Discrimination: the unjust or prejudicial treatment of different categories of people or things, especially on the grounds of race, age, or sex. Discrimination however is acceptable according to CRT advocates such as Ibrahim Kendi if it brings about equity which would then be considered “anti-racist”.
Dismantle, Dismantling racism: Everyone that respects our common humanity understands that racism is abhorrent. Those who seek to advance the Marxist underpinnings of CRT will manipulate perceptions of racism in order to subvert and ultimately dismantle the structures of society based on individualism and liberty.
Disrupt: Seeing all problems as emanating from systemic racism that must be challenged through conversations on topics such as “white privilege”.
Diversity, diversity focused, diversity training: often packaged with equity and implicit bias programs. While diversity does stimulate growth, foster respect and encourage personal reflection, when employed through CRT, it forces participants to see everyone and everything through the lens of race.
Dominant discourses: The dominant discourses in our society powerfully influence what gets “storied” and how it gets storied. This term is used to assert that “stories” and even reverence of the written word are all used to reinforce power structures that
Educational justice: aligned with social justice activism. May also result in racism of lower expectations for students as curriculum and assessments are designed to be less rigorous for certain groups.
Equitable: A term long associated with fairness that has now become a euphemism for the Marxist goal of equality or outcome.

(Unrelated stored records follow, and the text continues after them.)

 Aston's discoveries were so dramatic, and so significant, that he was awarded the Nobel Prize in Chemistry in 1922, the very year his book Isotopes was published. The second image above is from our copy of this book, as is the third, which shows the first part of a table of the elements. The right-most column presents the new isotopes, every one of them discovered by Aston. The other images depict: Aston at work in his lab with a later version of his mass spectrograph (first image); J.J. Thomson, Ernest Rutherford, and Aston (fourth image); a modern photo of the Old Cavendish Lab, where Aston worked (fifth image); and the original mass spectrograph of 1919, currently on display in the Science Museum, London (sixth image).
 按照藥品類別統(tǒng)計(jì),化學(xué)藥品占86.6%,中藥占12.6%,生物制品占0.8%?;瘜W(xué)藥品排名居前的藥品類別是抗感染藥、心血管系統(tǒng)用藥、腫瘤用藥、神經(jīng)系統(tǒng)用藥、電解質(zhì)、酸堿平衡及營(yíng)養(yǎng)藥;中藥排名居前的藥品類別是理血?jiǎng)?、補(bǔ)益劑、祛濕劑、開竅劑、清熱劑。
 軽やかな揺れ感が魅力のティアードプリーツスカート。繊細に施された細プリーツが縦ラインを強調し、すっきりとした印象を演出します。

Equity, Inequity, Deep Equity: The United States, according to CRT advocates, is made up of people who are either oppressors or the oppressed. The assertion of equity is to mitigate the results of ongoing racist structures that bring about inequity. The Deep Equity framework, based on the work of Gary Howard, helps schools and districts establish the climate, protocols, common language, and common goal of implementing culturally responsive teaching practices. Many times, teachers are instructed not to share these goals with parents.

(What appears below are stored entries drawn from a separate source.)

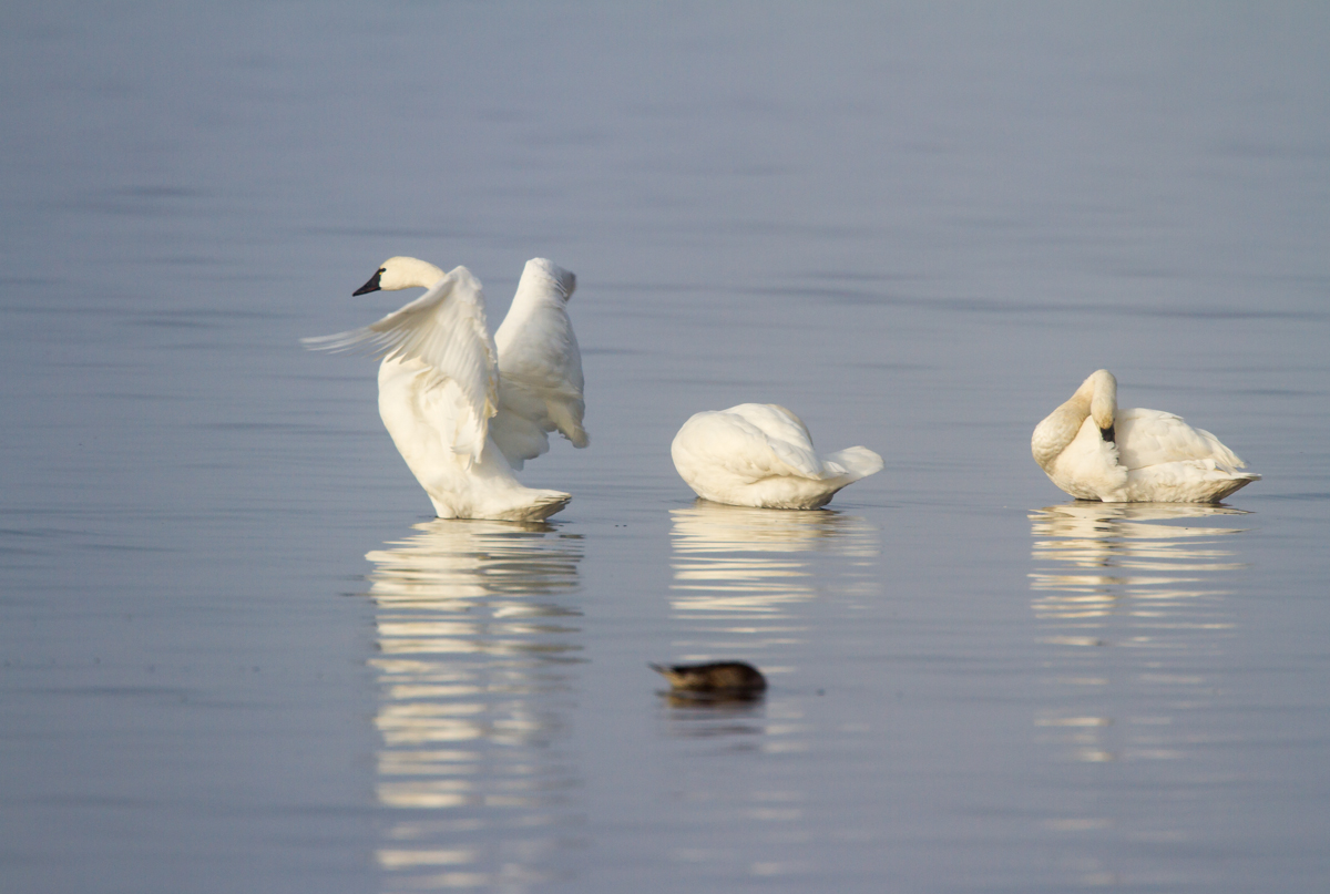 The sun was starting to win the battle as I drove across the lake. A few Tundra Swans fed silently near the road, making glints in the water as they probed the lake bottom for some breakfast of aquatic vegetation.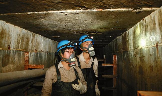 国网陕西省电力公司员工来到发生内涝的电缆沟内排除积水、检修设备,电缆沟温度超过40摄氏度。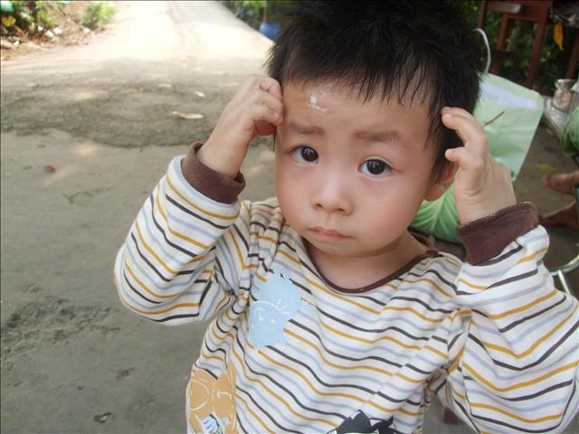 四處跑來跑去,到處玩土的洧洧也被蚊子叮的滿頭包!

Equity Gap: A specific term used when talking about “equity” that refers to a deficit that can be solved using “Diversity, Equity, and Inclusion” (DEI) programs, training, redistribution of resources, hiring practices, etc. There are many different ways of wording this concept, so “equity gap” is not the only way activists will try to convey this concept. To determine whether a discussion of equity gaps is related to CSJ and/or CRT, one must look at the context of the discussion.
Examine “systems”: All systems are tied in some way to the oppression of non-whites and therefore should be examined, dismantled and “reimagined”.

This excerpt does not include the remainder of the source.